Hi @sangjaekang, it would be also great if you could file a bug report at https://developer.apple.com/bug-reporting/, with steps to produce the random predictions on an iOS app. Ideally you should attach the model and the app code that demonstrates the inconsistent behavior. Thanks! Initially I thought the issue might be on the Python side with some memory leaks. But if its happening on the app as well, this is something we need to look into in detail.

Aug 22 '18 18:08 aseemw

When do you think this issue will be update?
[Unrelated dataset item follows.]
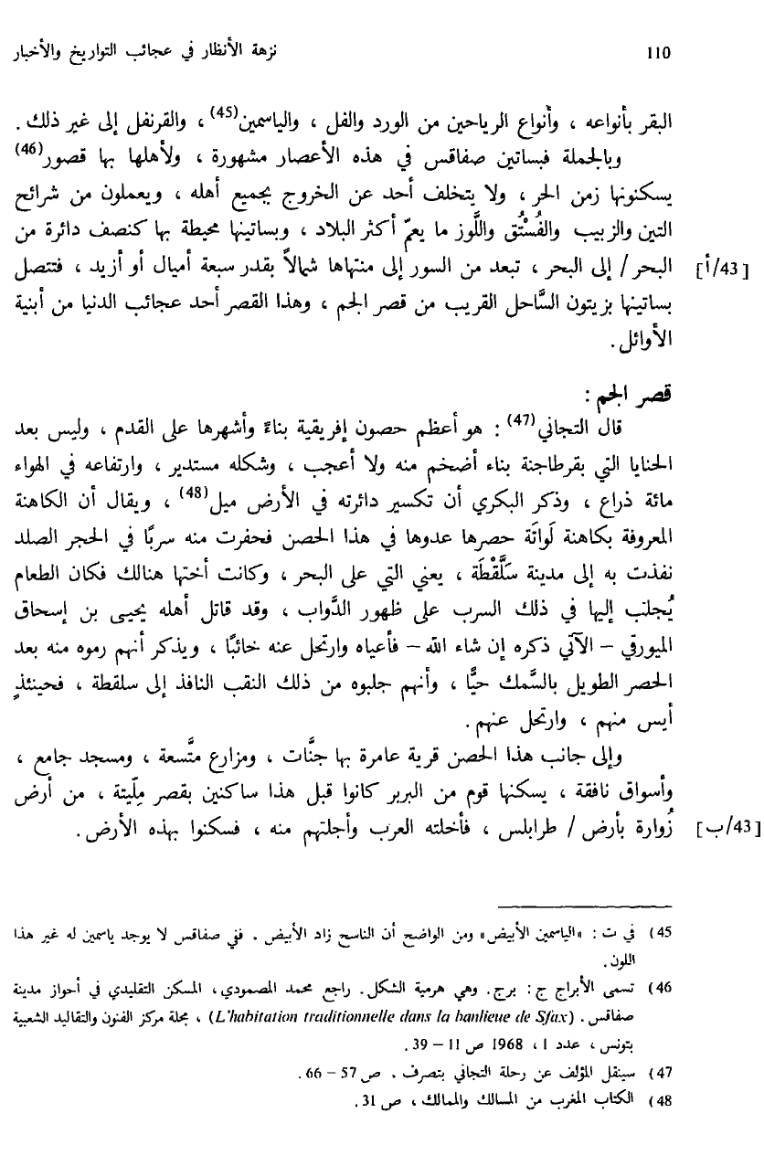 (¬46) تسمى الأبراج ج: برج. وهي هرمية الشكل. راجع محمد المصمودي، المسكن التقليدي في أحواز مدينة صفاقس.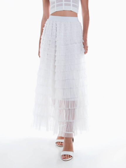 Saia comprida tule com folhos

Was anyone able to resolve this? I am seeing NaN probabilities outputted for my CoreML activity classifier in watchOS 5 simulator on XCode 10.

Sep 25 '18 07:09 swupnil

Hi @swupnil , did you get a chance to file a bug report with code to reproduce the Nan issue on iOS 12.0 or watchOS 5.0. If you have please give us the bug report number and we'll track it internally.

Sep 25 '18 18:09 aseemw

i've been trying to solve this issue as well. my generator model outputs correctly with coremltools (in python). However, the model in iOS13 (iphone xs max device) outputs a bunch of NaN. My model has two inputs. When I set first input to all white or all black pixels, that model gives some non NaN result. However, most of other inputs gives NaN result. Even if I set usesCPUOnly to true, same NaN issue occurs.

Nov 15 '19 08:11 sebkim

I tested my model on iphone 11 pro and it works!! I guess some neural layer only works on apple A13.

Nov 18 '19 01:11 sebkim

@sebkim Hi. I'm facing a similar problem too. The performance and output of the same model are weird on XS and XS MAX, while the model works fine on other devices like IPHONE11 or IPHONE6. Did you find the reason of this problem?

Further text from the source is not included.